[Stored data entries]
<<<<

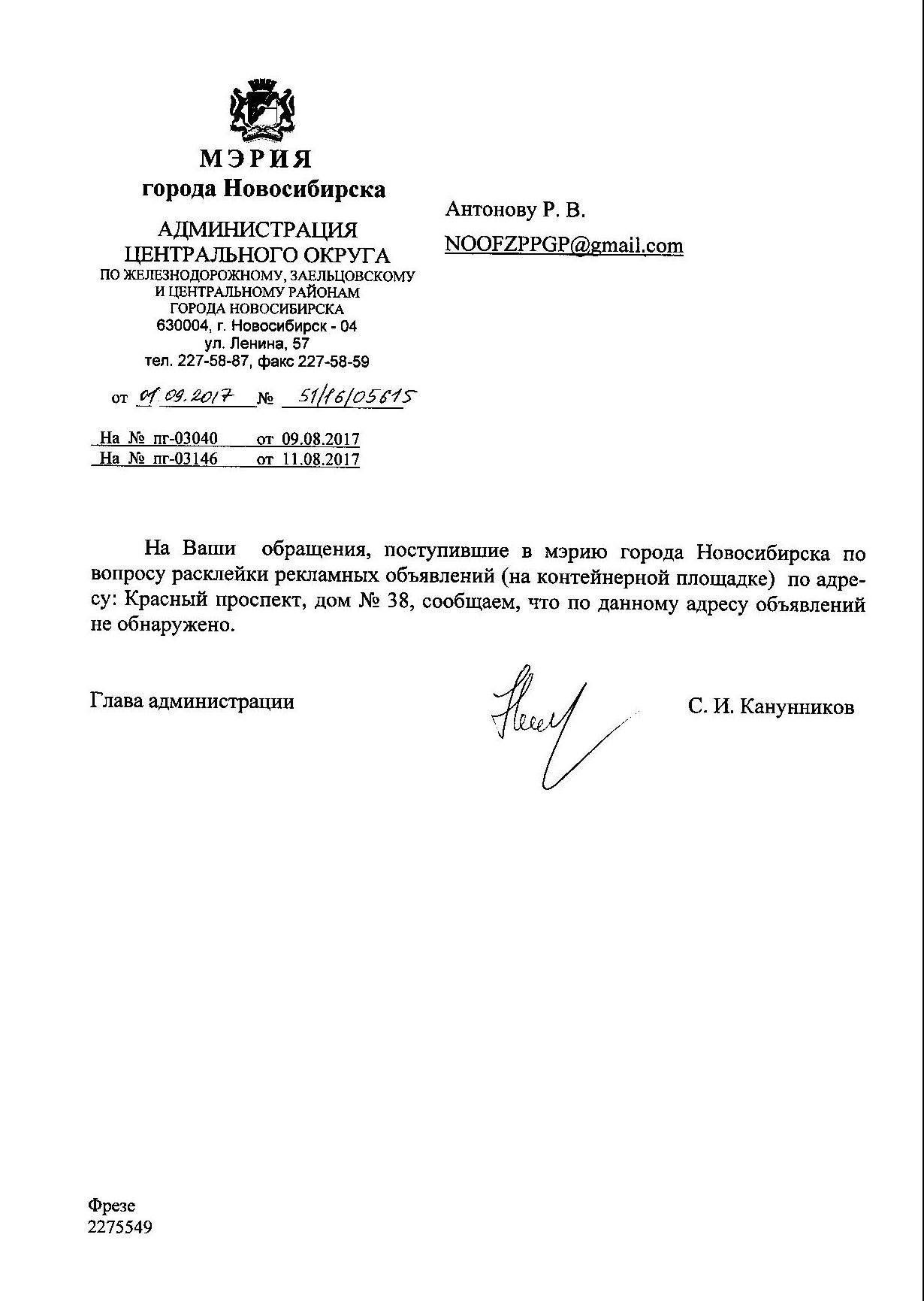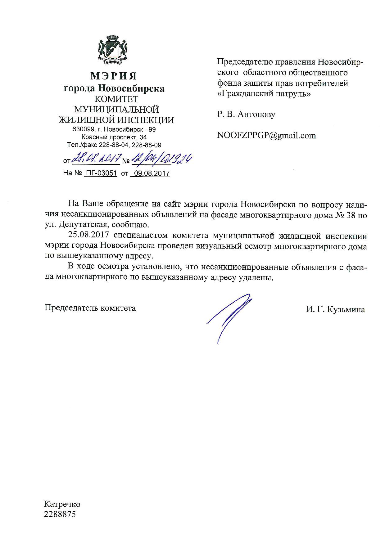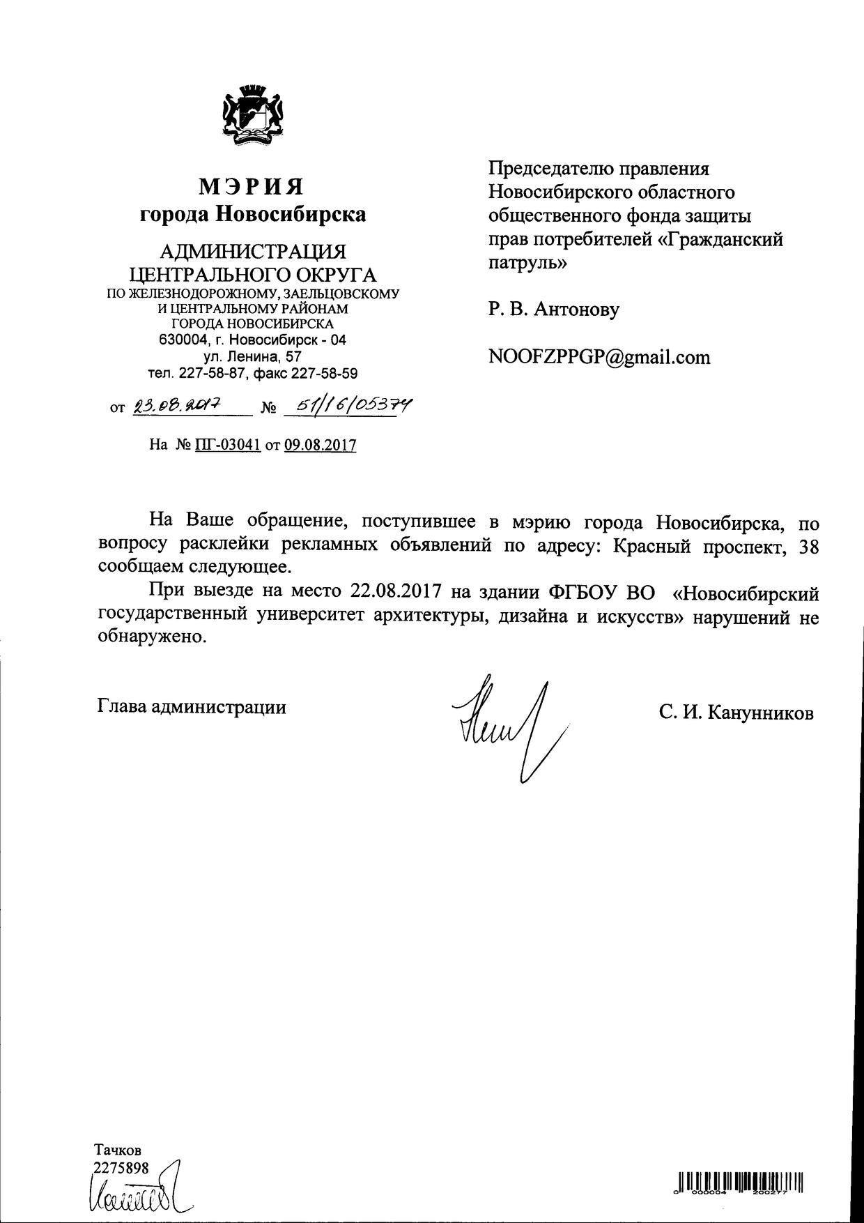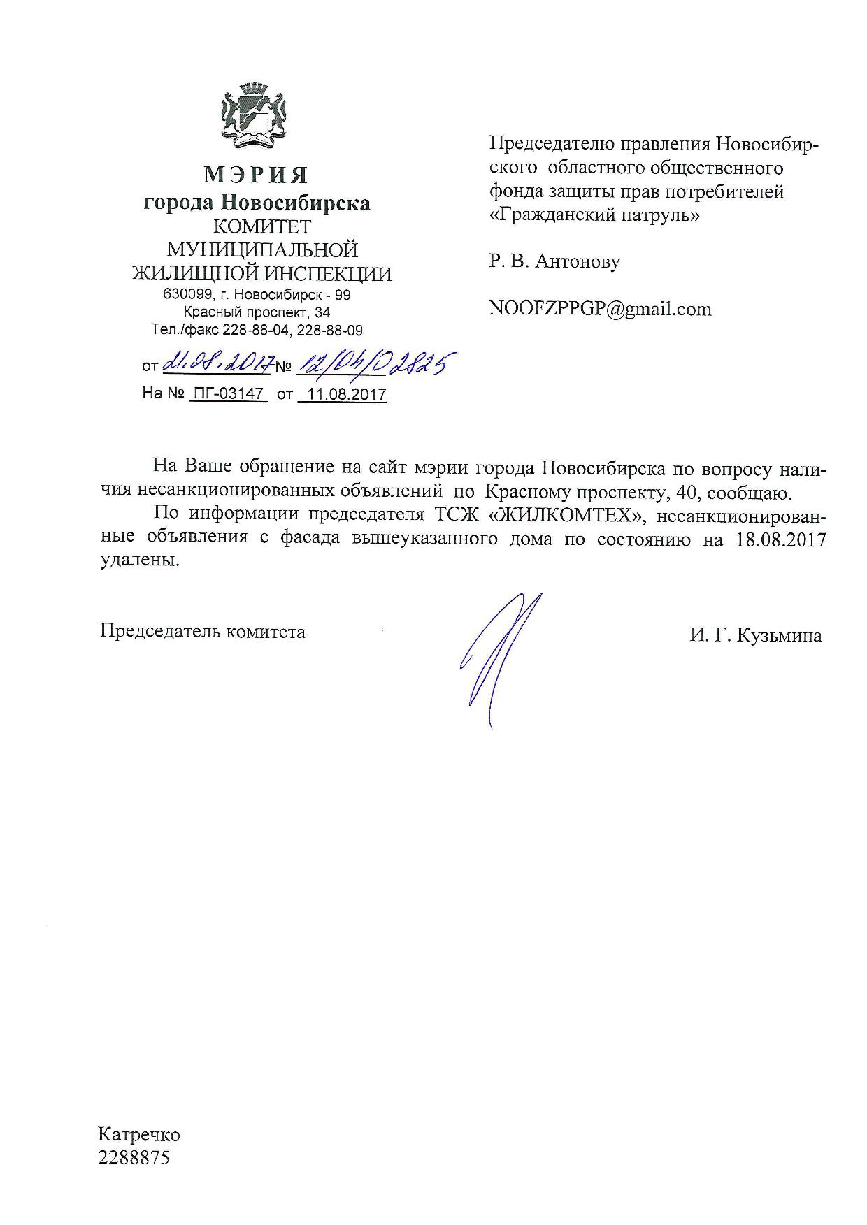 Номер жалобы:22655 Тип жалобы:Иные проблемы ЖКХ Название объекта:Управляющая Компания Регион:Новосибирская область Город:Новосибирск Адрес:Красный пр., 42 Описание жалобы:Надписи на фасаде Статус:
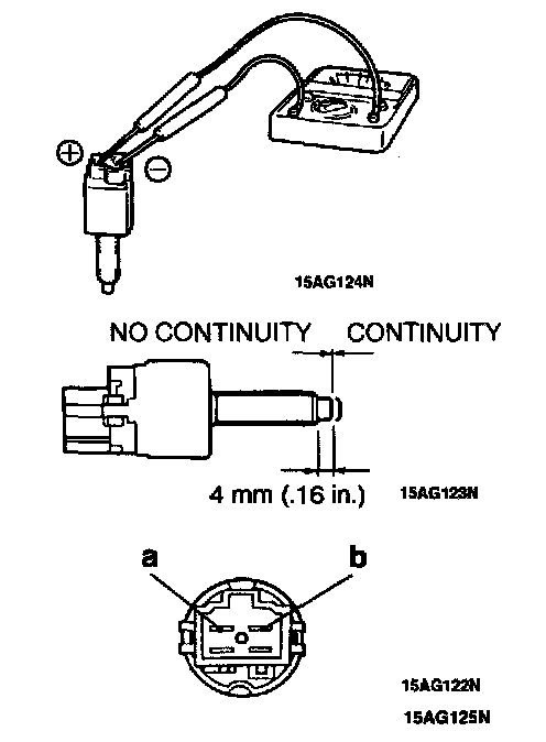 STOP LIGHT SWITCH CHECKConnect a circuit tester to stop light switch terminals "a" and "b" and check whether or not there is continuity when the plunger of the stop light switch is pushed in and when it is released.
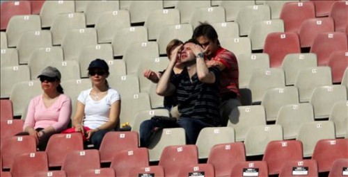 Aficionados durante la primera sesión de entrenamientos libres celebrada hoy en el Circuit de Cataluña, donde el domingo se disputa el Gran Premio de España de automovilismo. EFE
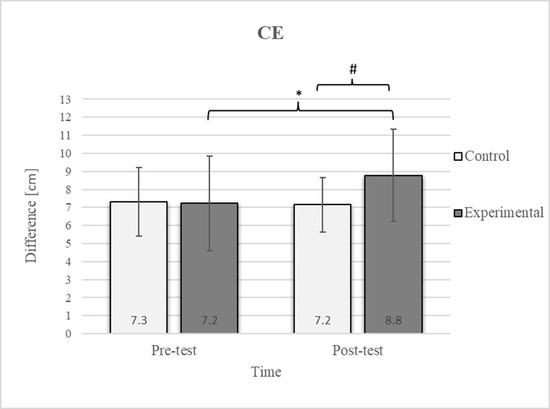 Group homogenization was successful: CE pre-test results showed no difference, and the mean values were similar between groups (Figure 2). Additionally, significant differences between the groups in the pre-test were not found for most variables, except for the TSR (Figure 3).
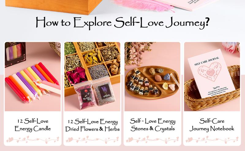 🌹 Self-Love Ritual Supplies: Self-love witch starter kit with 36 Page detailed guidebook, 12 safe dried plants for sensory exploration, 6 kinds of color spell candles, raw stones and crystals for using in self-love. Designed for affirmation meditation, enhance your happiness, practice gratitude, foster compassion, release and healing, ultimately achieve self-love.
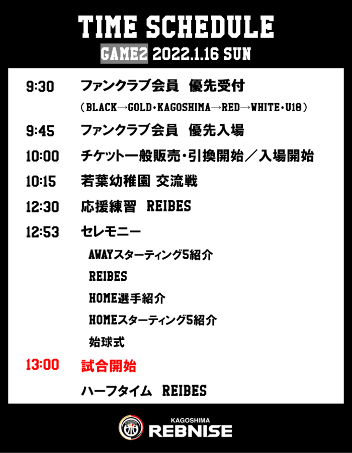 1月16日(日)試合開始 13:00/一般受付・開場 10:00 ※3時間前
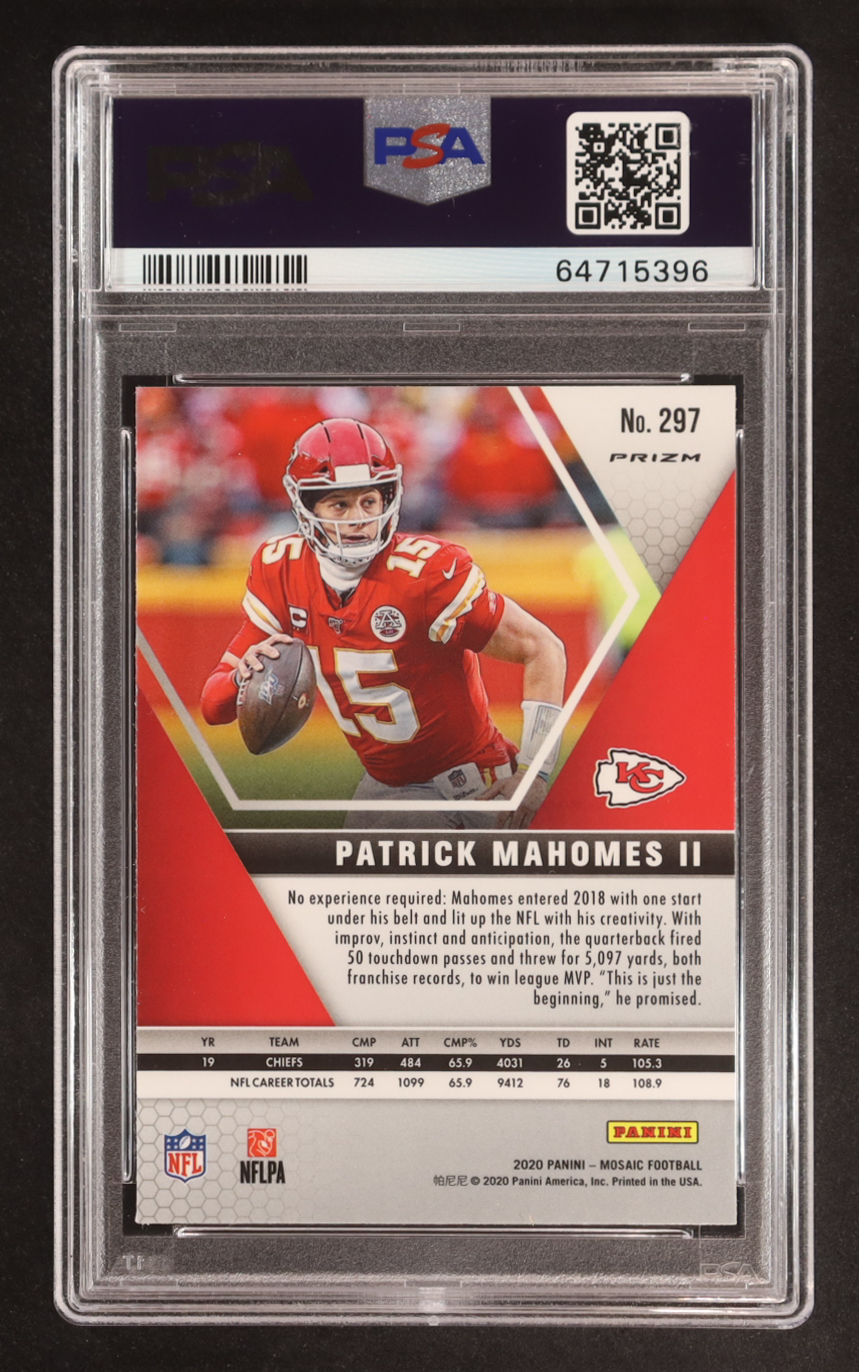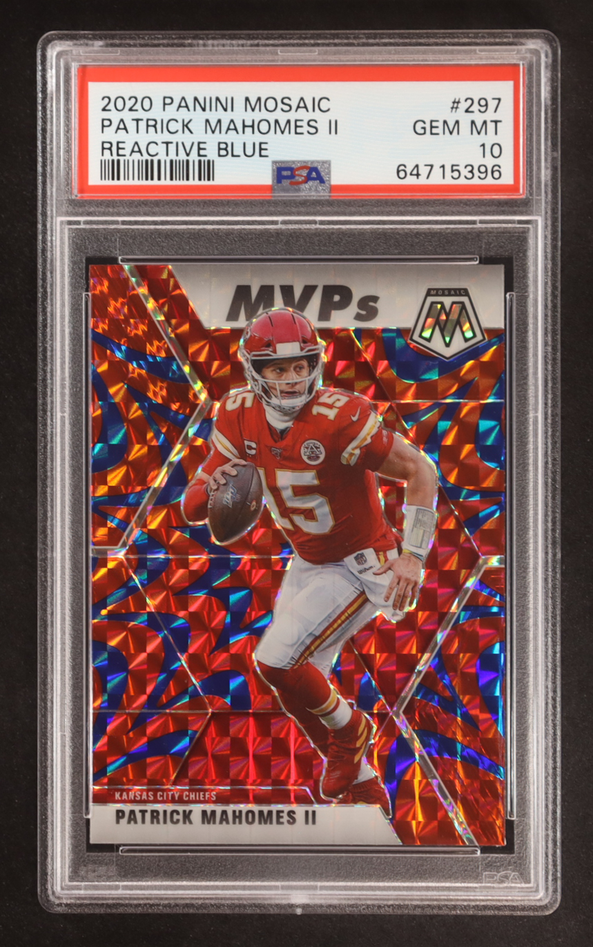 Patrick Mahomes II 2020 Panini Mosaic Mosaic Reactive Blue #297 MVP (PSA 10)
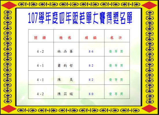 107學年度四年級英單大賽成績公告
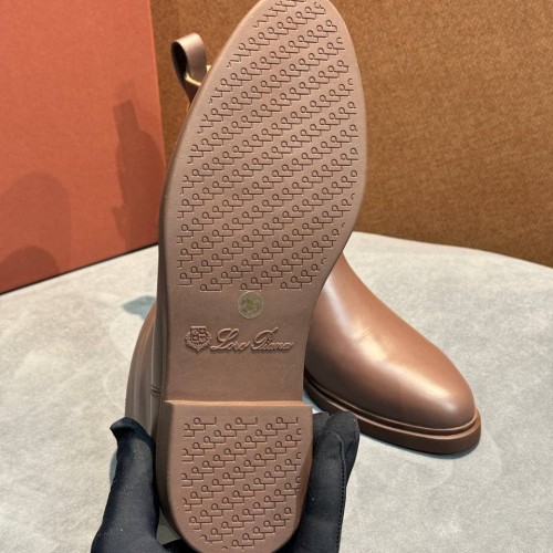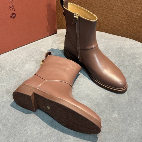 Женские ботинки Loro Piana коричневого оттенка из натуральной кожи. Компромисс между комфортом и стилем в холодную погоду найден, и это ботинки из новой коллекции. Модель с молнией сбоку и устойчивой подошвой идеально завершит образ. В нашем интернет-магазине вы можете купить копии ботинок с доставкой по Москве и по всей России.

>>>>

## What to produce
In transcribing the lines above, omit the images and keep all else exact.

## Exercise solution
 Номер жалобы:22655 Тип жалобы:Иные проблемы ЖКХ Название объекта:Управляющая Компания Регион:Новосибирская область Город:Новосибирск Адрес:Красный пр., 42 Описание жалобы:Надписи на фасаде Статус:
 STOP LIGHT SWITCH CHECKConnect a circuit tester to stop light switch terminals "a" and "b" and check whether or not there is continuity when the plunger of the stop light switch is pushed in and when it is released.
 Aficionados durante la primera sesión de entrenamientos libres celebrada hoy en el Circuit de Cataluña, donde el domingo se disputa el Gran Premio de España de automovilismo. EFE
 Group homogenization was successful: CE pre-test results showed no difference, and the mean values were similar between groups (Figure 2). Additionally, significant differences between the groups in the pre-test were not found for most variables, except for the TSR (Figure 3).
 🌹 Self-Love Ritual Supplies: Self-love witch starter kit with 36 Page detailed guidebook, 12 safe dried plants for sensory exploration, 6 kinds of color spell candles, raw stones and crystals for using in self-love. Designed for affirmation meditation, enhance your happiness, practice gratitude, foster compassion, release and healing, ultimately achieve self-love.
 1月16日(日)試合開始 13:00/一般受付・開場 10:00 ※3時間前
 Patrick Mahomes II 2020 Panini Mosaic Mosaic Reactive Blue #297 MVP (PSA 10)
 107學年度四年級英單大賽成績公告
 Женские ботинки Loro Piana коричневого оттенка из натуральной кожи. Компромисс между комфортом и стилем в холодную погоду найден, и это ботинки из новой коллекции. Модель с молнией сбоку и устойчивой подошвой идеально завершит образ. В нашем интернет-магазине вы можете купить копии ботинок с доставкой по Москве и по всей России.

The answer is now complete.